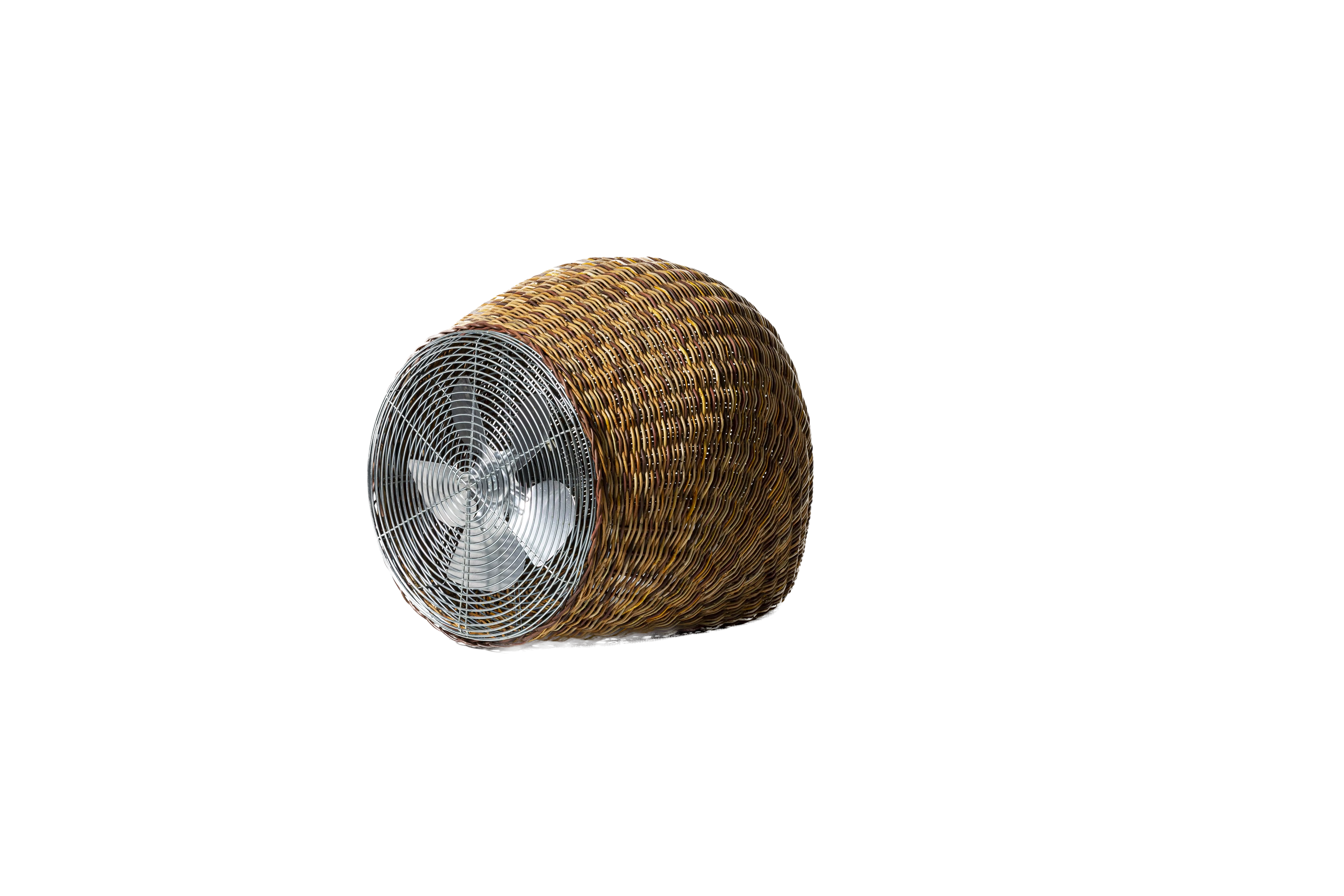 Bodenstehender Ventilator aus Naturbelassenem dark Pulut, handgeflochten . 220 Volt, Stärke 25 Watt . Erhältlich auch 110 Volt, US Stecker .
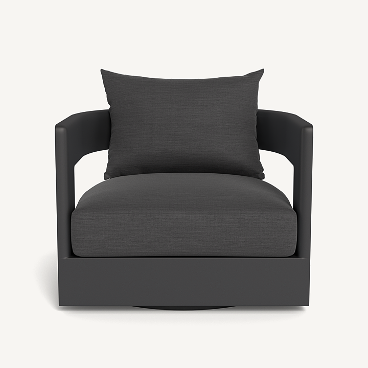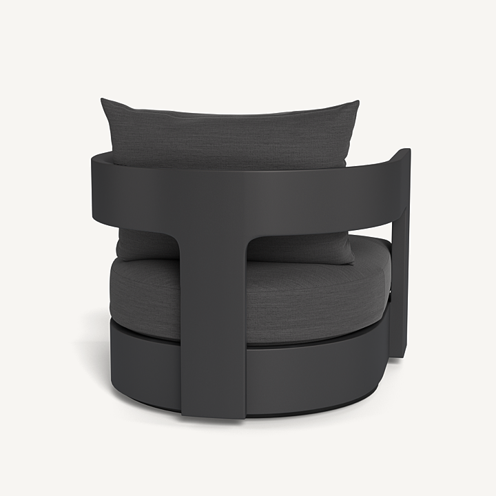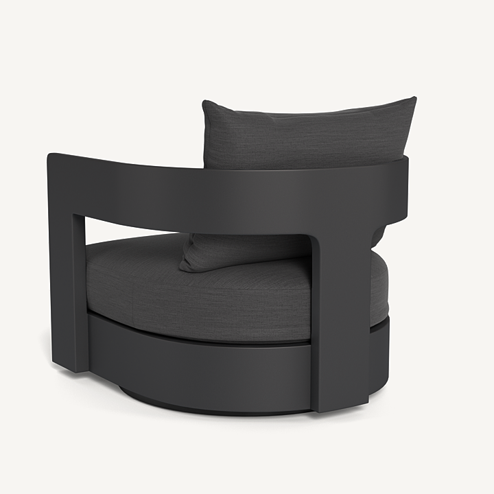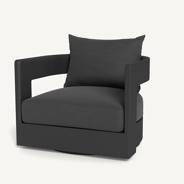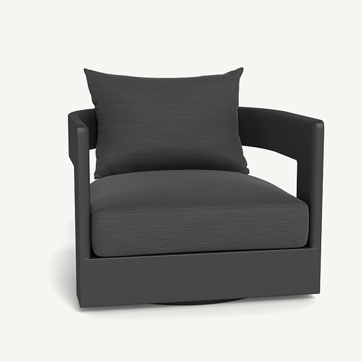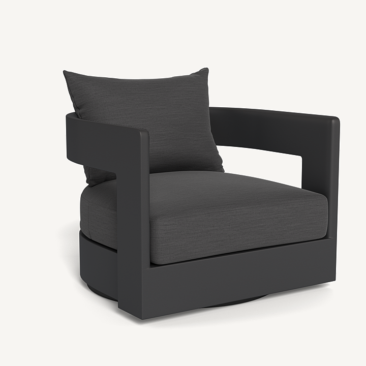 Our Victoria collection balances sculptural curves and right angles for true simplicity of proportion. The Victoria Swivel Lounge Chair is our take on the mid-century tripod chair, now updated onto a swivel plinth base for ease of motion and comfort — enjoy plush all-weather seat and back cushions supported by a slatted suspension with a striking rounded frame in powder coated extruded aluminum. Tailored and sophisticated, this contemporary piece brings harmony to a variety of spaces.
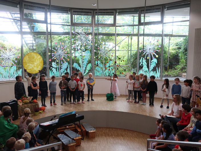 Freitag, 29.09.23, unser Herbstfest wie früher! Nach einem Frühstück mit den Eltern in den Klassen feierten wir im Forum ab 11:00 Uhr das Herbstfest, vorbereitet und gestaltet von den Klassen 1 und 4 und endlich wieder mit vollem Haus – wie die Bilder unten zeigen!
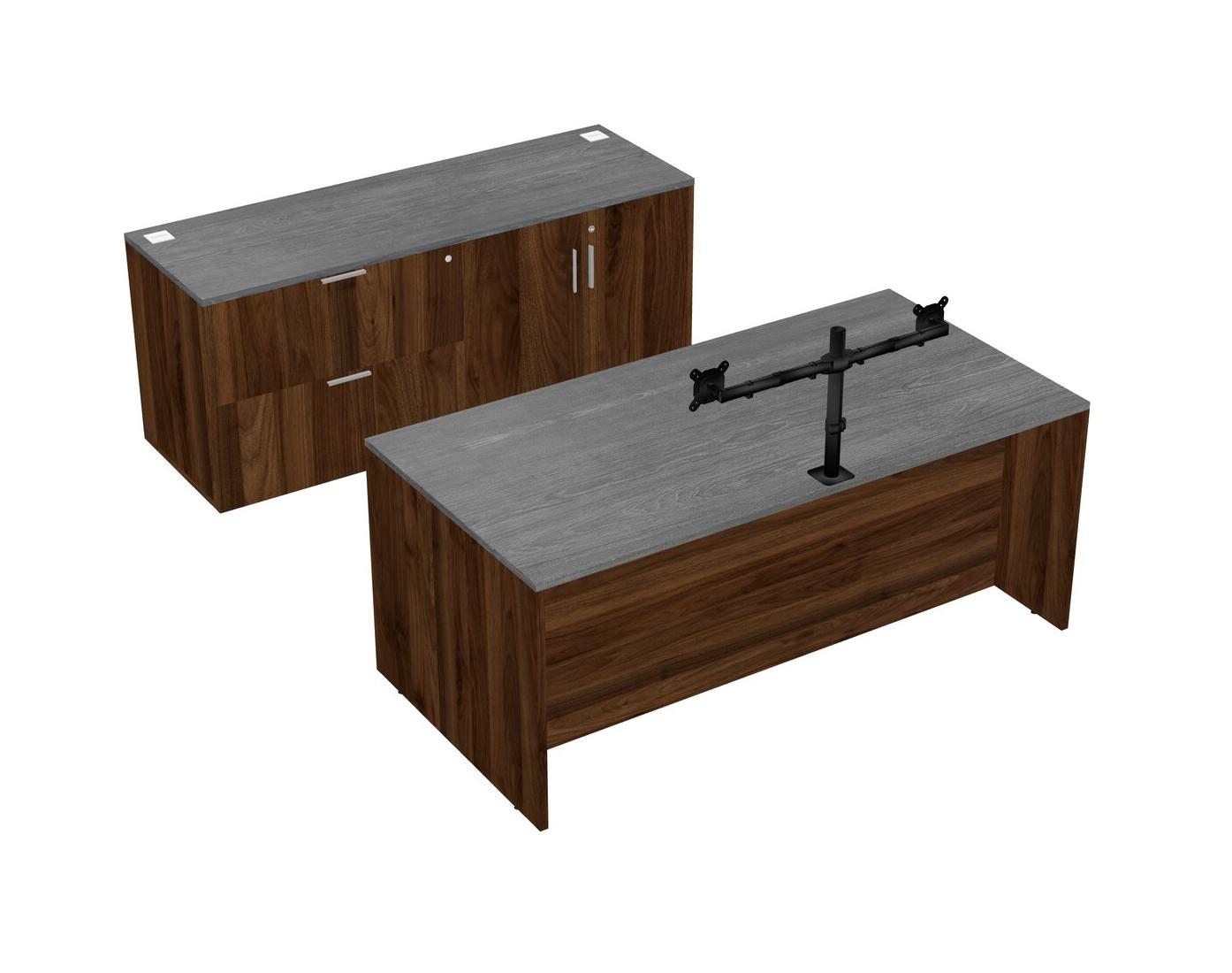 Grey Office Parallel Desk With Lateral Storage Combo + Monitor Arm (double Arms)
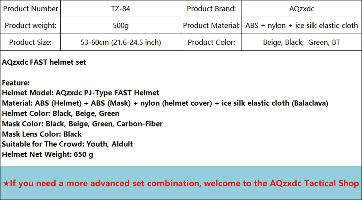 ➤ Casco FAST tipo PJ: material ABS. Con un peso de solo 0,65 KG, con ocho orificios de ventilación adicionales en la parte superior, es ideal para todo tipo de acción y combate rápidos. Para tamaño de cabeza 53-60cm (-21,6 24,5 pulgadas).
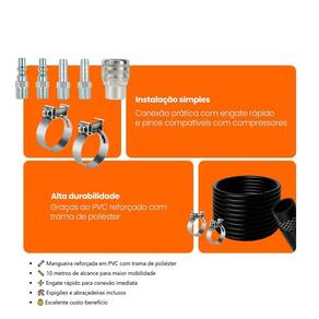 Um kit completo, resistente e pronto para uso, ideal para quem precisa de eficiência e praticidade no dia a dia. Garanta agora o seu kit de mangueira para compressor e tenha muito mais desempenho em suas tarefas.
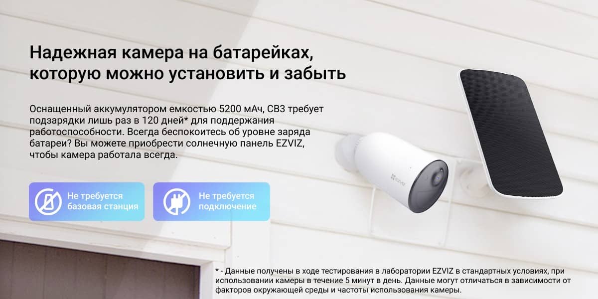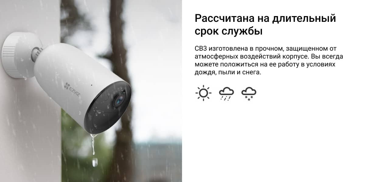 EZVIZ CB3 выделяется уверенной детализацией днём и ночью, устойчивой работой от аккумулятора и полноценным набором функций безопасности. Модель подходит для тех, кому важно получить широкое покрытие, стабильную съёмку в сложном освещении и надёжность в уличных условиях без необходимости прокладывать кабели питания.
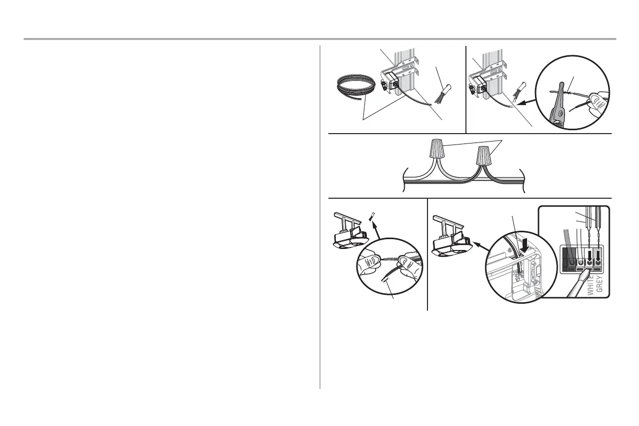 4. At the garage door opener, strip the end of the wires previously connected to the sensors. Twist
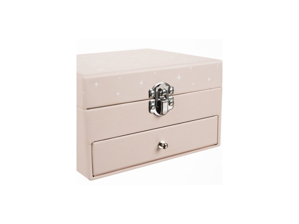 Úložiště pro všechny vaše šperky! Tato praktická schránka nabízí různě velké přihrádky pro prsteny, řetízky, náušnice a další klenoty. Vnitřní zrcadlo, háčky na řetízky a kapsa...
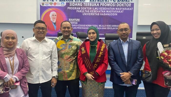 Makassar, 23 September 2025 – Wahyuni, kelahiran Lalatang kabupaten bone, mencatatkan namanya sebagai Doktor Ilmu Kesehatan Masyarakat dari Fakultas Kesehatan Masyarakat Universitas Hasanuddin (Unhas) dengan predikat Sangat Memuaskan. Pencapaian gemilang ini diraih setelah ia sukses mempertahankan disertasinya dalam Sidang Promosi Terbuka yang berlangsung khidmat di Aula Prof Fachruddin Unhas.
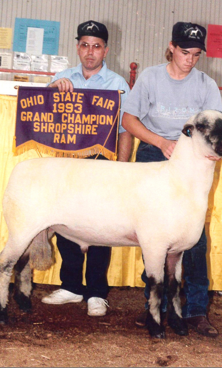 Glenn exhibited Shropshire sheep at The Ohio State Fair for 52 consecutive years and was inducted into the OSF Hall of Fame in 2003. All of Glenn’s and Joan’s children have been involved in the sheep industry after attending college and started their own families and careers. For many years Pam (deceased) cooked and promoted lamb at the Ohio Sale. Roger has a small flock of Dorset Sheep and serves as director of OSIA. David has a small flock of Shropshires. Daughter Wanda’s children participated with lamb projects at the county fair level.
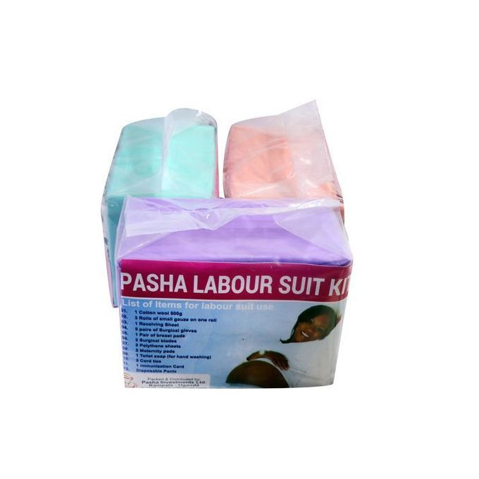 4 pairs of surgical gloves 1 bottle of jik 250mls 2 surgical blade Gauze 1 piece of soap 1 cord tie Child growth card 2 delivery sheets 2M each 1 pack of maternity pads(12) |
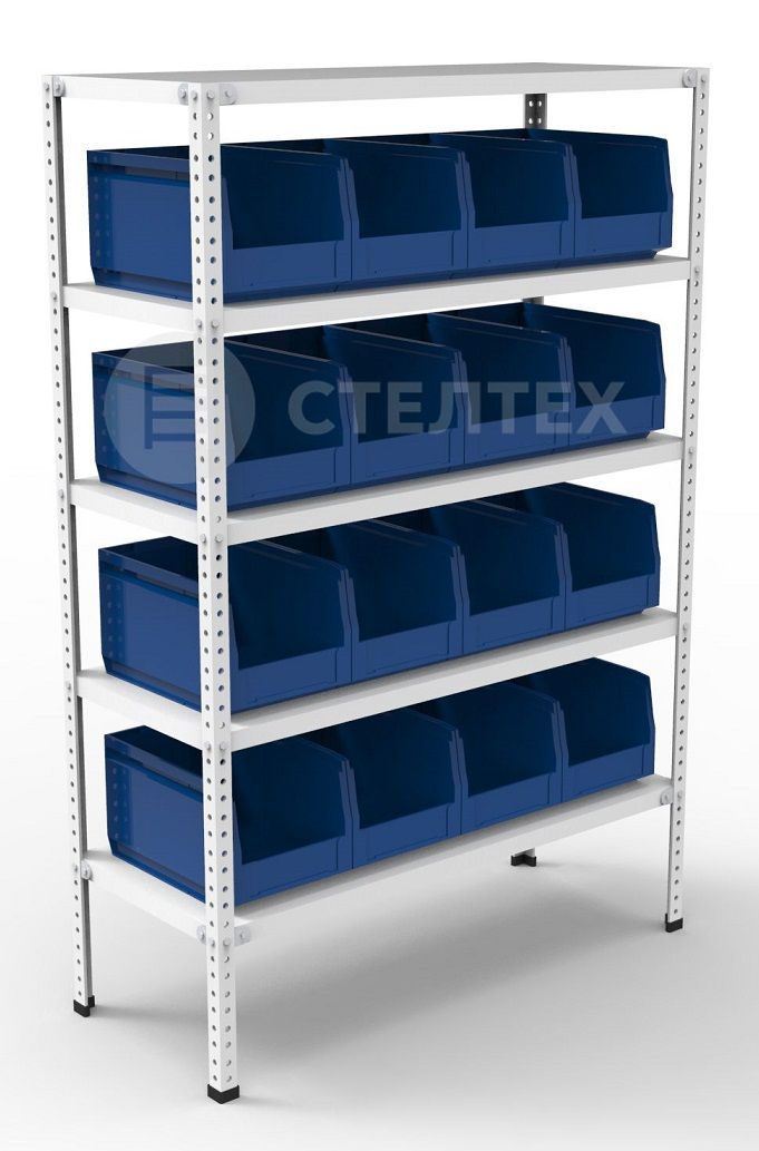 • Верхняя полка без пластиковых ящиков уже входит в стоимость стеллажа и при расчёте количества полок не учитывается. Учитываются только полки с пластиковыми ящиками.
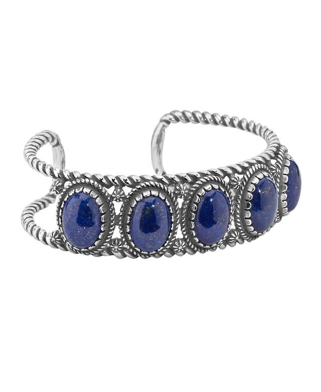 American West Lapis Lazuli Decorative Cuff Bracelet Sterling Silver
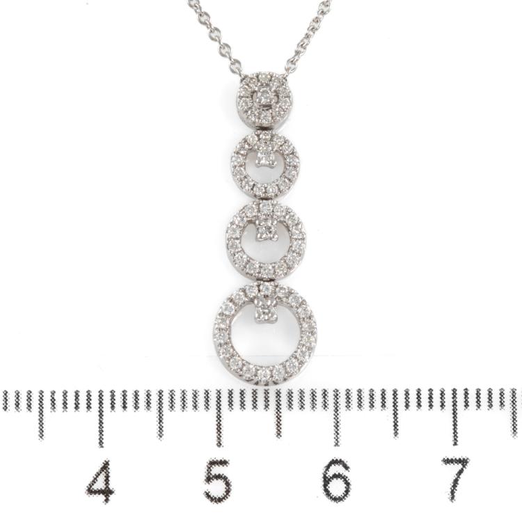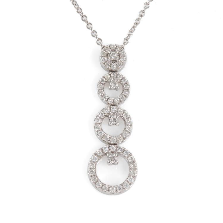 Diamond dress pendant with round Natural Diamonds totalling 0.32cts (Estimated grading: H SI). 18ct white gold with 18ct white gold adjustable 37cm chain. Pendant length: 2.7cm. Weight: 4.9g. (Pre-owned)
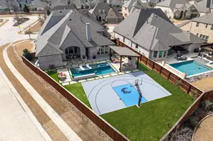 Experience luxury living in Lantana with this exceptional 5-bedroom, 5.2-bath home on an expansive lot. The backyard is an entertainer's dream, featuring a sparkling pool, basketball court, cabana, and built-in grilling station. Inside, stunning wood floors lead to an open-concept layout with modern and traditional touches. The chef's kitchen is a showstopper with an oversized island, gas stove, double ovens, and a dedicated wine and coffee center. The primary suite offers a spa-like bath with a soaking tub, large shower, and a custom-built closet. A second downstairs bedroom with an ensuite bath is perfect for guests. The dedicated office features built-in desks and cabinetry, while a theater or flex space downstairs adds versatility. Upstairs, a spacious game or flex area with built-in desks and cabinets provides additional functionality. With a massive 5-car garage and tons of storage throughout, this home seamlessly blends luxury, comfort, and practicality.
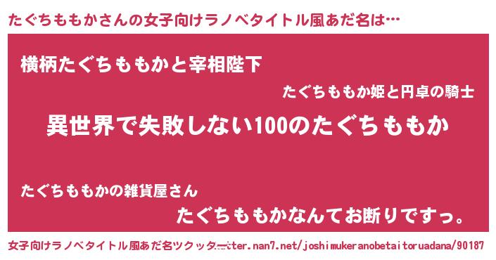 たぐちももかさんの女子向けラノベタイトル風あだ名は… 『異世界で失敗しない100のたぐちももか』『横柄たぐちももかと宰相陛下』『たぐちももかなんてお断りですっ。』 ツクッター #女子向けラノベタイトル風あだ名ツクッター http://tkutter.nan7.net/joshimukeranobetaitoruadana/90187/
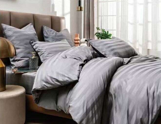 Постельное белье евростандарт двуспальное/ евро/ BorisMency/ Страйп сатин / простыня 180x200+25/пододеяльник 200x220 / 4 Наволочки 50x70-2, 70x70-2
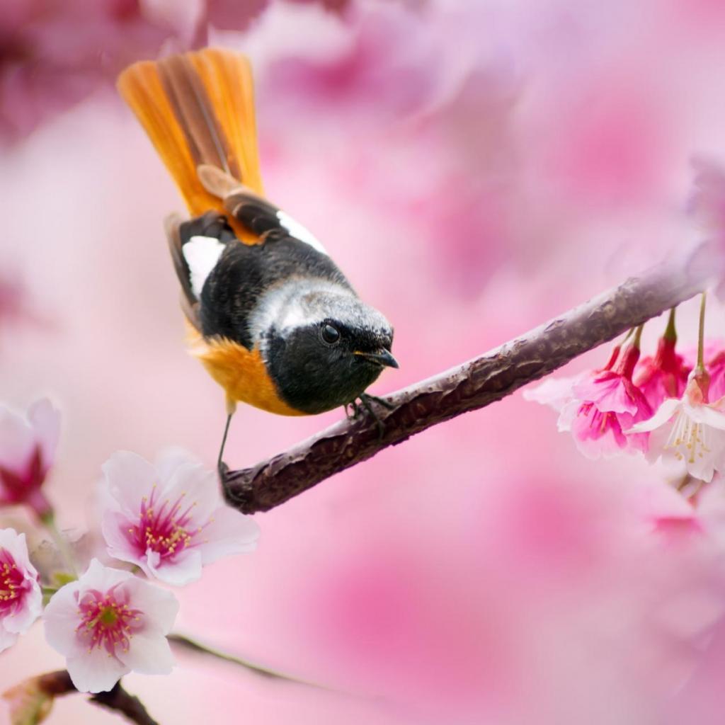 Wallpaper Singing bird with orange tail

= = = = = = =

What needs to be done -
Omit the pictures. Print, word for word, the lines from the beginning of the entries above through the line that holds "Grey Office Parallel".

Solution to this task -
 Bodenstehender Ventilator aus Naturbelassenem dark Pulut, handgeflochten . 220 Volt, Stärke 25 Watt . Erhältlich auch 110 Volt, US Stecker .
 Our Victoria collection balances sculptural curves and right angles for true simplicity of proportion. The Victoria Swivel Lounge Chair is our take on the mid-century tripod chair, now updated onto a swivel plinth base for ease of motion and comfort — enjoy plush all-weather seat and back cushions supported by a slatted suspension with a striking rounded frame in powder coated extruded aluminum. Tailored and sophisticated, this contemporary piece brings harmony to a variety of spaces.
 Freitag, 29.09.23, unser Herbstfest wie früher! Nach einem Frühstück mit den Eltern in den Klassen feierten wir im Forum ab 11:00 Uhr das Herbstfest, vorbereitet und gestaltet von den Klassen 1 und 4 und endlich wieder mit vollem Haus – wie die Bilder unten zeigen!
 Grey Office Parallel Desk With Lateral Storage Combo + Monitor Arm (double Arms)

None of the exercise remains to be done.